====== Data shown
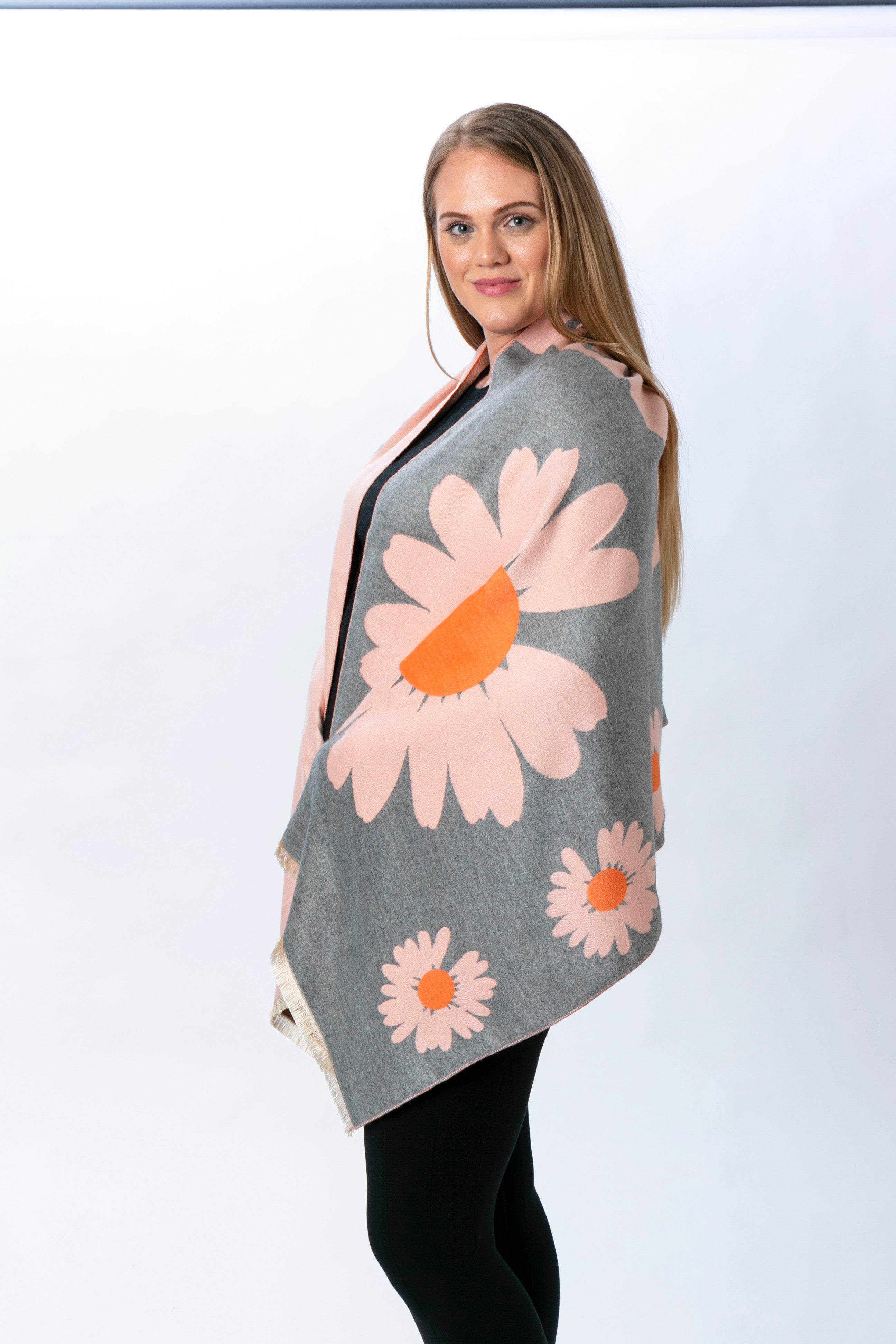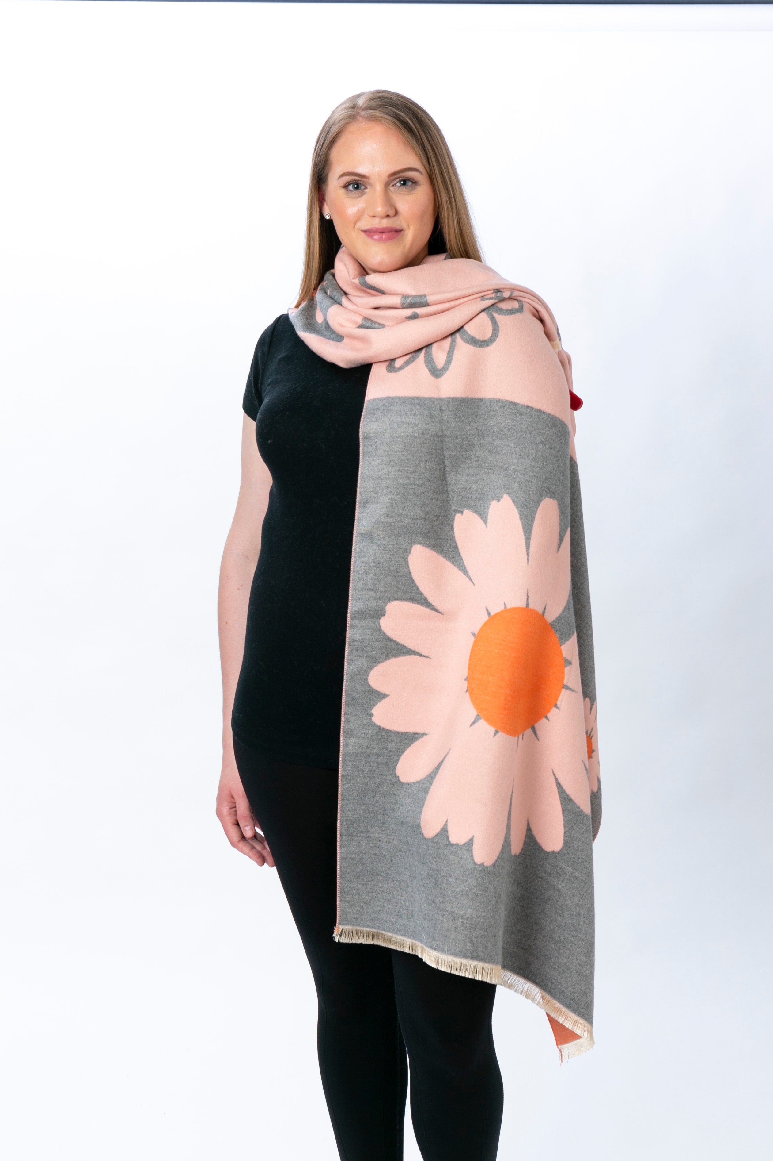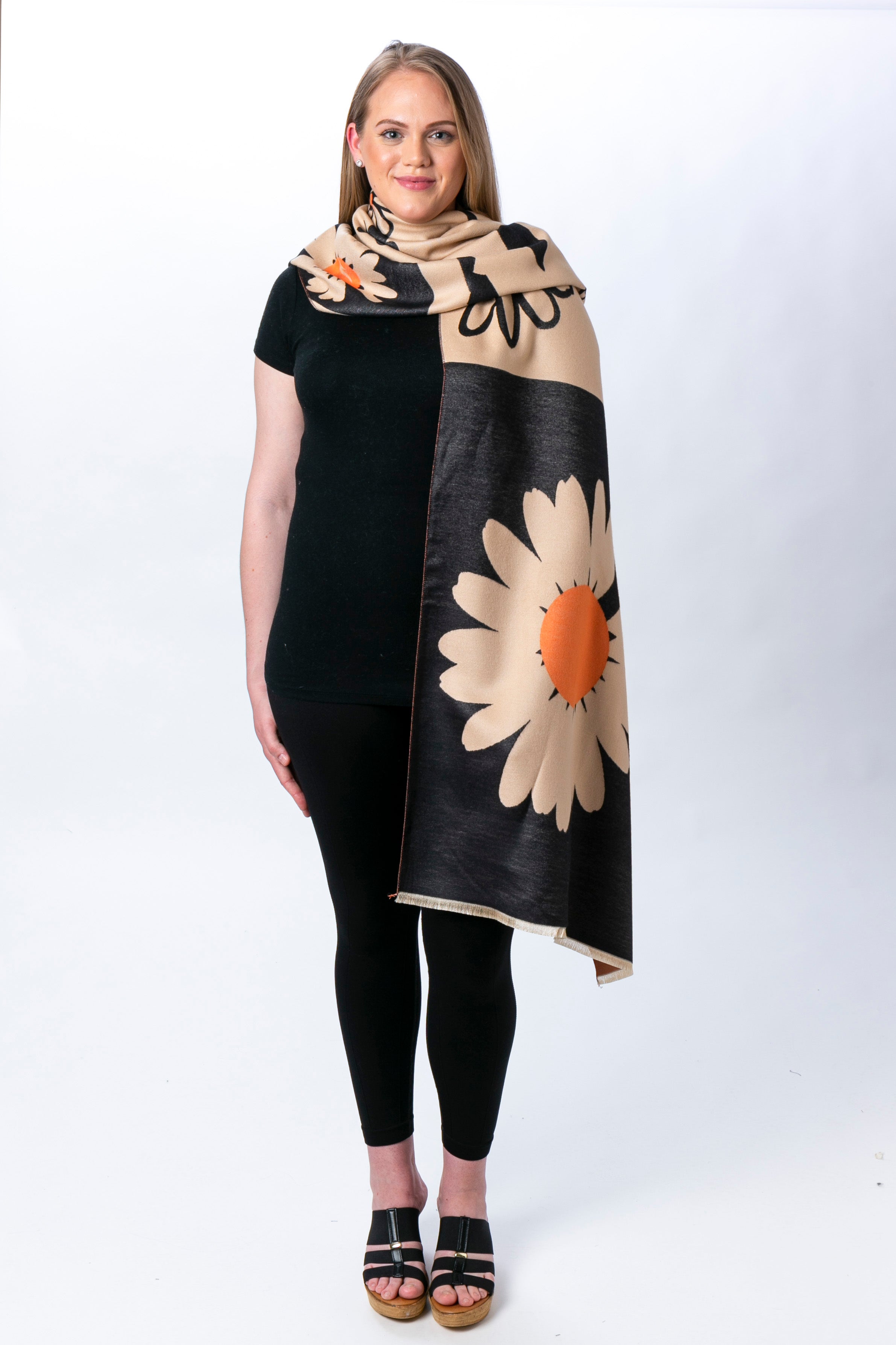 This large, luxurious, butter-soft pashmina is our TOP SELLER. Bold and beautiful with daisy graphics, you'll stay warm and looking fabulous Fall, Winter and even early Spring. Available in 4 color varieties.
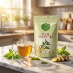 Tulsi Ginger Tea is a soothing herbal blend that combines the calming proerties of Tulsi with the warming strenght of Ginger. This comforting infusion supports digestion and immunity while helping refresh the body and mind. Enjoy a naturally aromatic cup as per of your daily wellness routine.
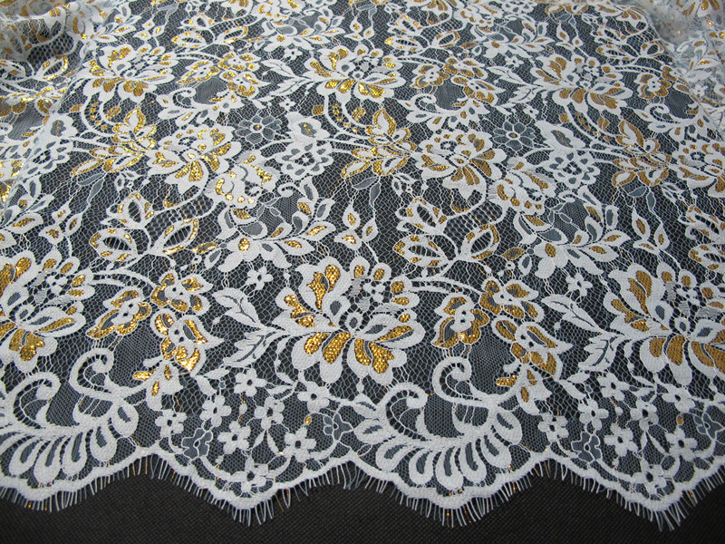 Vàng kim loại Nylon lông mi ren trang trí cho trang phục thời trang 140cm chiều rộng
============
▸ Work item
Leaving the pictures out, output all of the listing exactly.

▸ Solution for this problem
 This large, luxurious, butter-soft pashmina is our TOP SELLER. Bold and beautiful with daisy graphics, you'll stay warm and looking fabulous Fall, Winter and even early Spring. Available in 4 color varieties.
 Tulsi Ginger Tea is a soothing herbal blend that combines the calming proerties of Tulsi with the warming strenght of Ginger. This comforting infusion supports digestion and immunity while helping refresh the body and mind. Enjoy a naturally aromatic cup as per of your daily wellness routine.
 Vàng kim loại Nylon lông mi ren trang trí cho trang phục thời trang 140cm chiều rộng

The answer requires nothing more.